AGENTS.md - Extension for Scikit-learn

Quick Context

Purpose: Accelerate scikit-learn using Intel oneDAL optimizations
License: Apache 2.0
Languages: Python, C++, Cython
Platforms: CPU (x86_64, ARM), GPU (Intel via SYCL)

Architecture (4 Layers)

User Apps → sklearnex/ ⇒ {daal4py/, onedal/} → Intel oneDAL C++
                             ↓          ↓
                       (Cython ext)  (pybind11)

Layer Functions:

sklearnex/: sklearn API compatibility, patching, uses both daal4py and onedal
daal4py/: Direct oneDAL access via Cython, model builders, legacy compatibility
onedal/: Modern pybind11 bindings, memory management, GPU/CPU backend selection
src/: C++/Cython core implementation shared by both bindings

Entry Points by Use Case

sklearn acceleration - Global patching or selective imports from sklearnex

Native oneDAL - Direct algorithm access via daal4py for maximum performance

Model conversion - Convert XGBoost/LightGBM/CatBoost models to oneDAL format for accelerated inference

Accelerated Algorithms

Clustering: DBSCAN, K-Means
Classification: SVM, RandomForest, LogisticRegression, NaiveBayes
Regression: LinearRegression, Ridge, Lasso, ElasticNet, SVR
Decomposition: PCA, IncrementalPCA
Neighbors: KNeighbors (classification/regression)
Preprocessing: Scalers, normalizers
Statistics: Basic statistics, covariance

Device Configuration

GPU offloading and device control available through sklearnex config_context for supported algorithms.

Performance Patterns

Memory: Zero-copy NumPy↔oneDAL, SYCL USM for GPU
Parallelism: Intel TBB threading, MPI distributed (SPMD), SIMD vectorization
Fallbacks: oneDAL → sklearn cascading fallback on unsupported operations
Speedups: 10-100X acceleration over sklearn (varies by algorithm and data characteristics)

Key Files for AI Agents

sklearnex/dispatcher.py: Patching system and algorithm dispatch
sklearnex/_device_offload.py: Device selection and offloading
onedal/__init__.py: Backend selection (DPC++/Host)
daal4py/__init__.py: Native API entry point
src/: C++/Cython core (distributed computing, memory management)

Installation

Quick Install (Users)

# Recommended: via conda
conda install -c conda-forge scikit-learn-intelex

# Or via pip
pip install scikit-learn-intelex

From Source (Contributors)

# 1. Install oneDAL and set DALROOT
export DALROOT=/path/to/onedal  # Required

# 2. Install dependencies
pip install -r dependencies-dev

# 3. Build in development mode
python setup.py develop

Environment Variables

DALROOT: Path to oneDAL (required for source builds)
MPIROOT: Path to MPI for distributed support
NO_DPC: Disable GPU support
NO_DIST: Disable distributed computing
NO_STREAM: Disable streaming mode

Testing Strategy

Core test suites cover legacy tests, native oneDAL (daal4py), sklearn compatibility (sklearnex), low-level backend (onedal), and global patching.
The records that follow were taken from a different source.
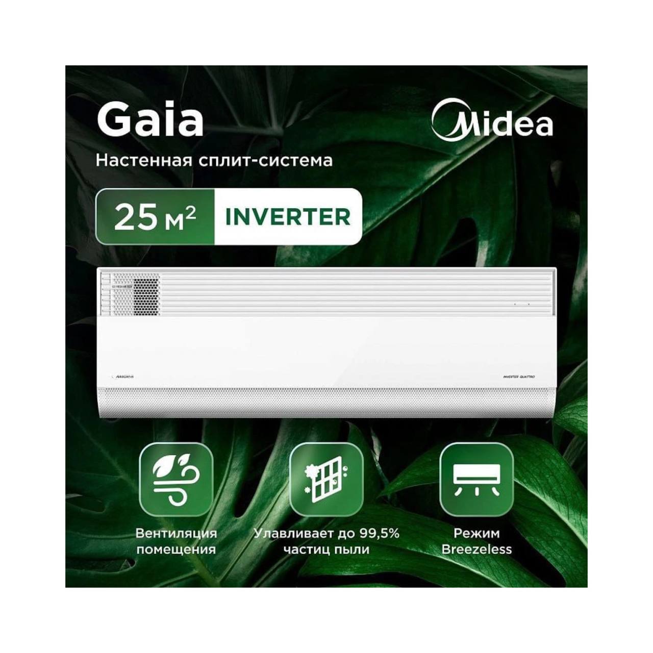 Серия GAIA представляет собой современные настенные сплит-системы с функцией активного притока чистого наружного воздуха. Ключевой особенностью является способность подавать свежую атмосферу прямо внутрь помещения, одновременно фильтруя её через высококачественный HEPA-фильтр класса H13, эффективно удерживающий мельчайшие частицы пыли, аллергены и загрязнения размером вплоть до 0,3 микрон.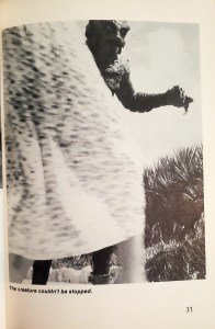 The book also gets inside the Gill Man’s head a little bit. “Within the Gill Man’s slow brain, a plan was forming,” the authors inform us, after the Gill Man has absconded with Lori Nelson’s character. “This woman was his. He would take her with him to the Black Lagoon.”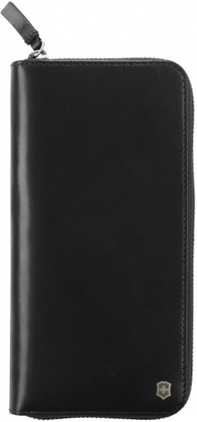 Портмоне вертикальної форми на блискавці - неймовірно елегантний жіночий аксесуар середнього розміру. Розкішний зовнішній вигляд, виконаний у чорному кольорі. Виготовлено із натуральної шкіри. Внутрішня організація вражає функціональністю-вісім слотів для кредитних і дисконтних карток, три суцільні відділення під купюри, і два відділи для різних дрібниць-чеків, квитків, візиток. У виробі також є RFID-захист від зчитування особистих даних. Розміри-10,2 * 19,6 * 2,3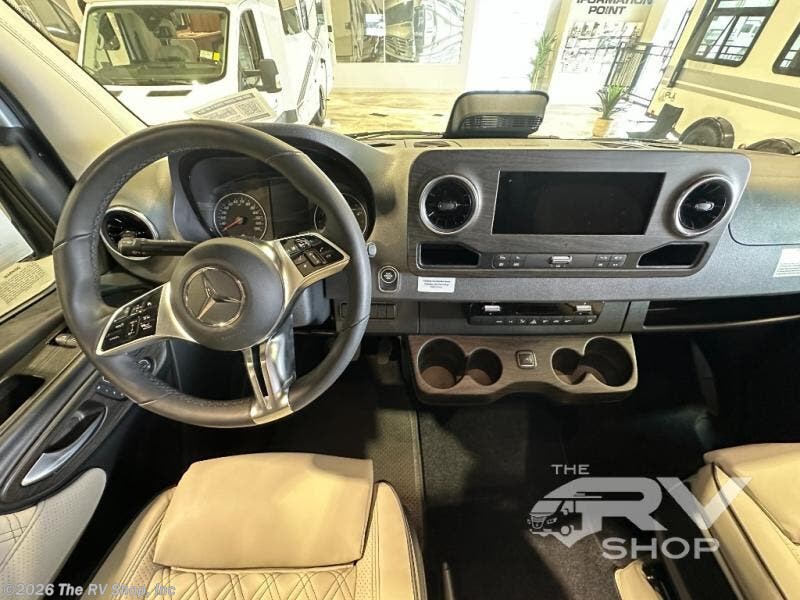 With any V-RV Class B diesel motorhome by OGV Luxury Coach, you will enjoy a smooth drive and innovative features to make van life easier than you think. The Anywhere Package comes with a 1080 Ah lithium battery, 3,000 watt inverter, 340 watts of auxiliary solar power, and a dual alternator with a Wakespeed Charge controller for endless power. You will also appreciate the Mercedes-Benz suspension bundle (RV1) with enhancement, added safety features, and a rear view camera system for hassle-free parking. Automotive grade fabrics come standard inside, along with side and rear screen doors, custom woodwork with satin finish, multiple 110V dual outlets, and a rear JL audio entertainment system to ensure you'll never go bored.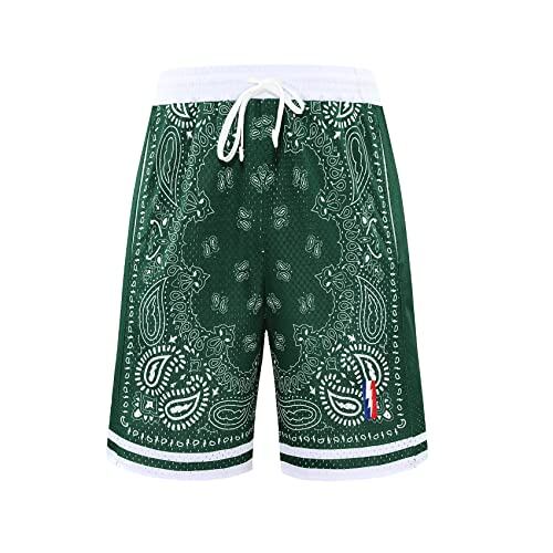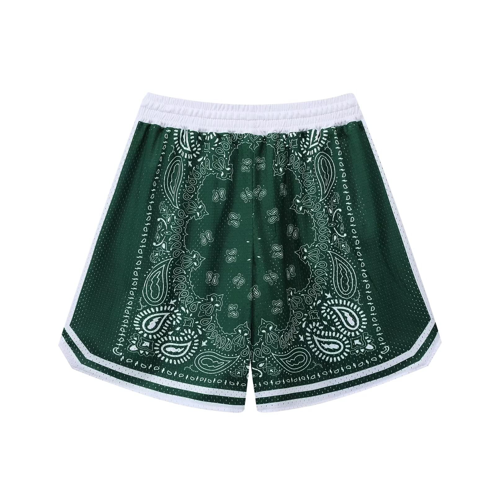 [OROLN] バスケットパンツ メンズ スポーツ アメリカン短パン ペイズリー柄 ウェア ランニング トレーニング ショートパンツ ポケット付き ウエスト 調整可能 速乾 通気(グリーン(ペイズリー柄)-S)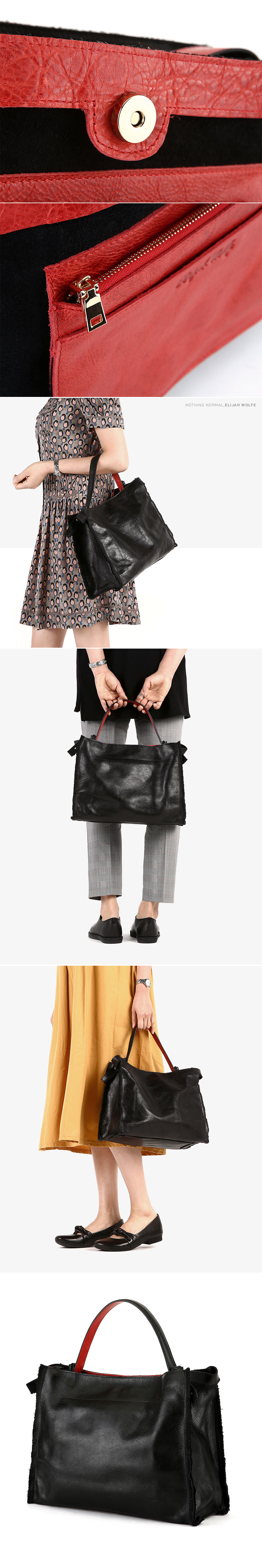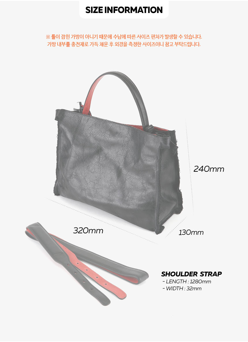 딱 떨어지는 각이 잡힌 스타일이 아니며, 부드러운 천연 가죽의 느낌을 잘 살려 제작한 토트 & 숄더백 입니다. 내부 수납량에 따라 모양이 잡히거나 자연스럽게 무너지는 루즈함이 이 가방의 매력 포인트라고 할 수 있습니다.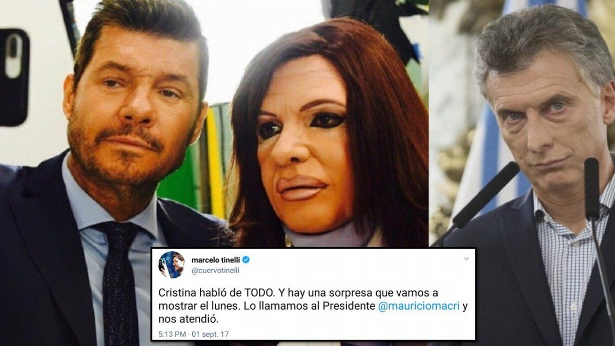 Hasta acá todo todo perfecto, para reafirmar esto a las 17.13 Marcelo Tinelli subió a su cuenta de twitter el siguiente mensaje " Cristina habló de TODO. Y hay una sorpresa que vamos a mostrar el lunes. Lo llamamos al Presidente @mauriciomacri y nos atendió".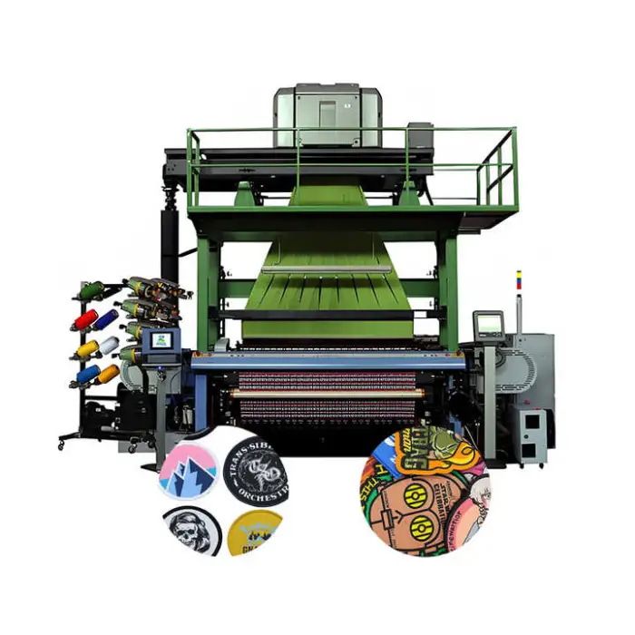 The machine is designed to produce woven labels, including custom clothing labels and promotional materials.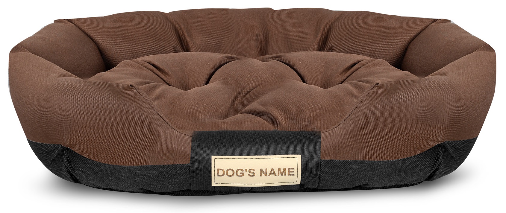 Wytrzymałe OWALNE wodoodporne legowisko dla psa w kolorze brązowym, PERSONALIZOWANE imieniem pupila!

MPI required for distributed (SPMD) testing.

Performance Expectations

Algorithm Support

oneDAL acceleration requires:

Supported dtypes: float32, float64
Contiguous memory layout preferred
Algorithm-specific parameter compatibility

GPU Support Status

Full GPU: DBSCAN, K-Means, PCA, KNeighbors
Limited GPU: LogisticRegression, SVM
CPU Only: Ridge, IncrementalPCA

Error Handling

Fallback chain: oneDAL → sklearn → error. Configurable via allow_sklearn_after_onedal setting.

Memory Requirements

oneDAL requires contiguous data for zero-copy operations. C-contiguous preferred over Fortran-contiguous.

GPU Hardware

Supported Intel GPUs: Integrated (UHD Graphics, Iris Xe), Discrete (Arc series), Datacenter (Flex) Requirements: SYCL/DPC++ support, Intel oneAPI toolkit, Unified Shared Memory (USM)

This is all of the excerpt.